Kopperud doesn’t mince words in his call to arms if agriculture hopes to win the battle for public opinion. “We have to get off our duffs and open our mouths.”

“We’re too shy. We have to start bragging. We have to start boasting.”

Funny thing: I said some of the same things speaking to the new Four-County LEAD program last week. And I’ve said them before.

Agriculture is losing the public relations battle.

Without your voice, no one will learn how things work in the real world of farming. Without your voice, the public will hear only voices that aren’t shy about speaking to the media. Without your voice, consumers are getting only one side of the story.

Kopperud is a former reporter and editor, and former senior vice president of the American Feed Industry Association. He is founder and past president of the Animal Industry Foundation (now the Animal Agriculture Alliance).

We need to sell the farmer to the American consumer, which is an easy sell, Kopperud says. “The public likes farmers and ranchers. They trust you.”

Farmers do a really good job of farming and they are committed to animal welfare, he added. But no one tells that to today’s shoppers.

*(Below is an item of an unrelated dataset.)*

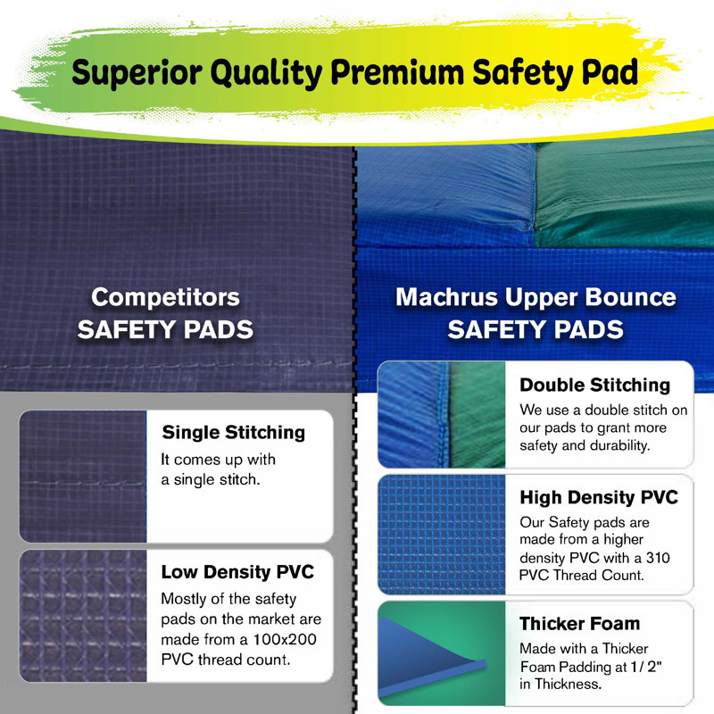 Bring bouncing fun to your backyard with the Machrus Upper Bounce trampoline spring cover. This replacement pad ONLY fits for our Upper Bounce brand 9×15′ Trampoline (Item # UBRTG01-915 & UB03EC-915E). Our superior quality premium PP mesh trampoline safety pad is tested to be UV and water-resistant. Offering you a safe and long-lasting fun investment. Machrus’ Upper Bounce Trampoline Safety Pad is a must to have to ensure your families safety. Our Trampoline Spring Cover ensures that you and your family do not get pinches and scrapes. Machrus Upper Bounce Trampoline Safety Pad protects the jumper from falling on the steel frame or getting hurt from the springs. You will enjoy many years of safe fun on your new trampoline with no worries at all. Safety PadS 1/2″ foam thickness EPE ensures absolute safety for your children. You can now combine loads of fun with loads of health benefits. Machrus’ Upper Bounce trampoline spring cover provides tremendous safety during jumping for a controlled and responsive jumping experience. Let’s go out and play!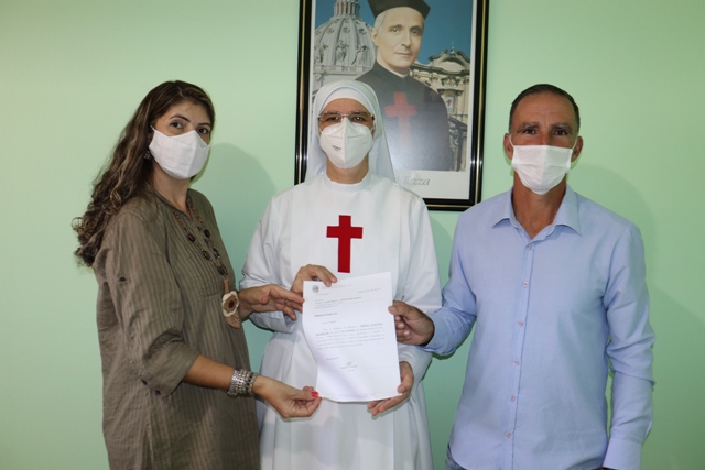 Os vereadores Uni e Andréa estiveram com a irmã Francisca, comunicando o envio de 180 mil reais do deputado federal Fernando Giacobo, para compra de insumos para o hospital.

The animal rights groups, like the Humane Society of the United States and People for the Ethical Treatment of Animals, or PeTA, have mastered the political strategy called “step-wise,” Kopperud explains.

“It’s kind of like being nibbled to death by ducks,” he told the audience this summer. “A little bit this year, a little bit next year, a little bit the year after that.”

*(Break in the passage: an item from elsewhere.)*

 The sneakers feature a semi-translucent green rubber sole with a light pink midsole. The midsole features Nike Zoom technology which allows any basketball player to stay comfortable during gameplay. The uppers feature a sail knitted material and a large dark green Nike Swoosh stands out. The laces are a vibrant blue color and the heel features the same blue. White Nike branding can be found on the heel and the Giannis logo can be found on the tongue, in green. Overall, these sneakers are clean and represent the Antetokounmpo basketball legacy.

Logically, everyone wants to embrace animal welfare measures, just as consumers want to support independent farmers. But every time a regulation like California’s recently passed Proposition 2 is enacted, a farmer’s cost goes up. The unintended consequence to Proposition 2 is that even the small farmers and the free-range chicken producers are hurt.

“If you cannot regulate them out of business, and you can’t legislate them out of business, then you cost them out of business,” Kopperud explained of agriculture’s foes.

What the public wants more than anything is assurance. Consumers want to trust that farmers are doing the right thing. They want to know that their concern for animal welfare is a reality on the farm.

The ag industry has listened to animal welfare expert Temple Grandin, who has designed and advised more humane handling of animals throughout the farm and processing channels. But now, Kopperud says, “we need Temple times 10.”

Farmers need to be following experts’ science-based animal handling and animal welfare procedures and they need to be following it 24/7.

More than anything, agriculture needs to be more proactive. Any time there’s an animal rights picket outside an event or a corporate office, there should be a farmer picket there, too, the lobbyist said. “We have to push back. We have to take control of the issue.”

Animal welfare is just as important as animal health and nutrition, and “nobody does it better than we do.”

You cannot assume your story is going to get out there if you don’t tell it, because it won’t.